Нартос сидел за столом трактира, вперив рассеянный взгляд за окно. Снаружи лил дождь. Зал'ева, как говорят в провинции. По оконному стеклу сбегали частые капли. Вдали за пологом дождя смутно вырисовывалась речная гладь цвета свинца и нависшие над рекой скалы, поросшие густым сосняком. Из-за непогоды казалось, будто уже наступили сумерки. В трактирном зале было темно, как в клети, но светильников ещё не зажигали. Посетителей было немного. Никого из Царьгорода, все местные. Приземистые и широкоскулые, с грубоватыми чертами лица. Не самый привлекательный народ на Континенте, прямо скажем. Да ещё хмурятся и молчат, будто на поминках. Почти всё время молчат. А если и говорят, то как-то опасливо, вполголоса. Впрочем, их можно понять. Даже сюда, в эту глушь, могли забрести Соглядатаи из Тайной Канцелярии и Охранители из Коллегии Истины. Когда-то их легко было распознать по чёрным и серым одеяниям, но в последние годы они все чаще отказывались от униформы, предпочитая одеваться, как простолюдины. Так проще было смешаться с толпой.
– Видал вот этих?
Хриплый шепот вырвал Нартоса из задумчивости. Он отвернулся от окна и перевёл взгляд на человека, сидящего напротив. Лодочник. Мужчина лет сорока, одетый в бурый непромокаемый плащ и такие же сапоги. Белесые глаза и бесцветные волосы выдавали в нем уроженца Приморья. Или Дольних Земель, как говорят местные. Он ухмылялся, демонстрируя скверные, выщербленные зубы.
– Вот этих вот видал? – повторил лодочник, ткнув пальцем в сторону очага, в котором пылали берёзовые поленья.

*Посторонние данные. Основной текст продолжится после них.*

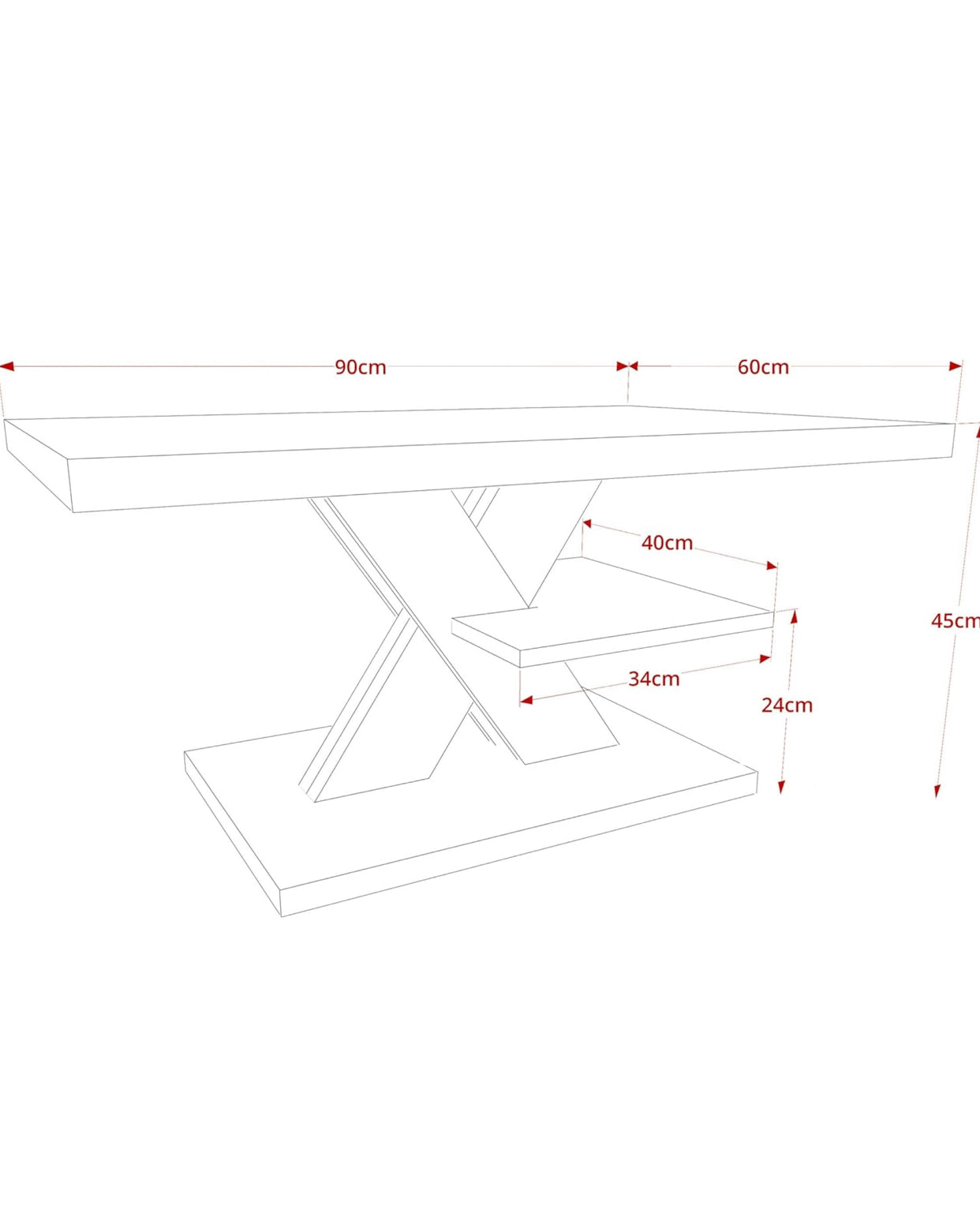 Tavolino Design Moderno Piano 50mm Tavolino da Salotto 90x45x60cm

Нартос проследил за его взглядом. У очага на досках пола сидели, скорчившись, два существа. Ростом не выше двенадцатилетнего ребёнка. Оба закутаны в бесформенные кожаные плащи с низко надвинутыми капюшонами – так, что не различить ни их лиц, ни очертаний тел. Рядом на полу лежали два грубо сработанных копья с костяными наконечниками и подобие секиры – кремнёвая пластина с неровными краями, кое-как прикрученная к деревянной рукояти.
– Гу-у-ули! Пожиратели мертвечины, – хрипло зашептал лодочник. – Околачиваются тут. Спускаются со скал. Ишь ты, от дождя прячутся. Паскудство.
Он схватил со стола пустую деревянную миску и швырнул ее в сторону очага. Те двое даже не шелохнулись, будто погруженные в какое-то странное оцепенение.
– Ждут своего часа. Когда мы все подохнем, они будут тут хозяевами, – мрачно подытожил лодочник.
Кивнув в знак согласия, Нартос поднес к губам чашу с горячим вином. В местных трактирах вино подогревали на угольях, добавляя туда семена тмина, дикий мёд и засушенную вишню. Жалкое подобие сладкого пряного вина, которое подают в тавернах Царьгорода. Настоящие ромейские пряности слишком дороги. Местные приноровились готовить этот изысканный напиток, используя более доступные ингредиенты.
– Сейчас многие живут с мыслью о близкой гибели мира, – проговорил Нартос, отпив глоток.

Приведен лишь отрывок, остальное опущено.